The actual income tax (benefit) expense differs from the expected tax computed by applying the U.S. federal corporate tax rate of 34% to income before income tax as follows:

 

  Year Ended December 31, 
  2014  2013  2012 
Computed expected tax (benefit) expense ($86,853) $69,788  $65,332 
State income taxes, net of federal (benefit) expense  (6,968)  8,482   8,015 
Share-based compensation  10,201   10,526   9,766 
Research and development tax credit  (19,405)  (21,887)  (10,813)
Other  14,733   20,956   30,340 
Total income tax (benefit) expense ($88,292) $87,865  $102,640 

 

The significant components of our deferred tax asset consisted of the following:

 

  As of December 31, 
  2014  2013 
Product rights $130,036  $165,527 
Property, plant and equipment  225,229   52,094 
Research and development tax credit  266,078   235,567 
Federal net operating loss carryforward  464,998   525,012 
State net operating loss carryforward  165,901   201,698 
Interest rate swap  15,486   13,166 
Prepaid expenses and other  (6,925)  (23,171)
Deferred tax asset $1,260,803  $1,169,893 

 

We have a state net operating loss carryforward of approximately $1,858,000 that expires in 2028 through 2031, if not utilized before then, and a federal net operating loss carryforward of approximately $1,368,000 that expires in 2029 through 2031, if not utilized before then.
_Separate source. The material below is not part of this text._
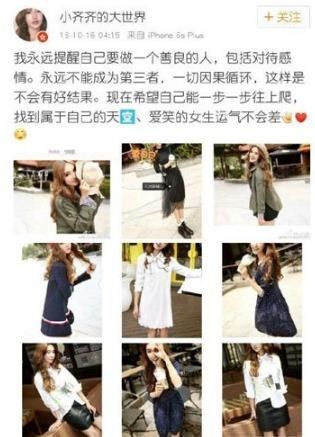 从女方ID名称为“小齐齐的大世界”的微博中可以看出,女方常晒出自己的生活照和个人心情。有趣的是,就在16年10月,她还曾发文说自己永远不能成为第三者,要成为一个善良的人。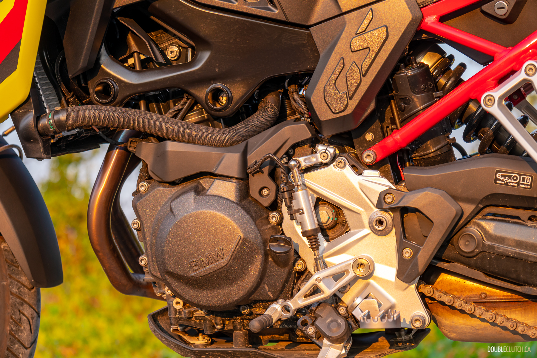 The F900 has a revised riding position with higher handlebars and lower footpegs, along with an easily adjustable gear lever to suit you exactly. Similarly, while both bikes have adjustable Showa inverted front forks, the BMW offers more adjustability and the ability to make that greater adjustment on the fly. Despite going out of its way to cater to your needs, the F900 is decidedly the more aggressive bike of the two.

The $965,000 licensing payment that we made during the fourth quarter of 2004 was treated as an intangible asset and is being amortized over 15 years, for tax return purposes only. Approximately $1,112,000 of our investment to produce pharmaceutical-grade Nisin for Mast Out® was expensed as incurred for our books. Included in this amount is approximately $820,000 ($65,000 during the fourth quarter of 2013 and $755,000 during the year ended December 31, 2014) that will be capitalized and depreciated over statutory periods for tax return purposes only.

 

Deferred tax assets are recognized only when it is probable that sufficient taxable income will be available in future periods against which deductible temporary differences and credits may be utilized. However, the amount of the deferred tax asset could be reduced if projected income is not achieved due to various factors, such as unfavorable business conditions. If projected income is not expected to be achieved, we would decrease the deferred tax asset to the amount that we believe can be realized.

 

Net operating loss carryforwards, credits, and other tax attributes are subject to review and possible adjustment by the Internal Revenue Service. Section 382 of the Internal Revenue Code contains provisions that could place annual limitations on the future utilization of net operating loss carryforwards and credits in the event of a change in ownership, as defined.

 

The Company files income tax returns in the U.S. federal jurisdiction and several state jurisdictions. With few exceptions, the Company is no longer subject to income tax examinations by tax authorities for years before 2011. We currently have no tax examinations in progress. We also have not paid additional taxes, interest or penalties as a result of tax examinations nor do we have any unrecognized tax benefits for any of the periods in the accompanying financial statements.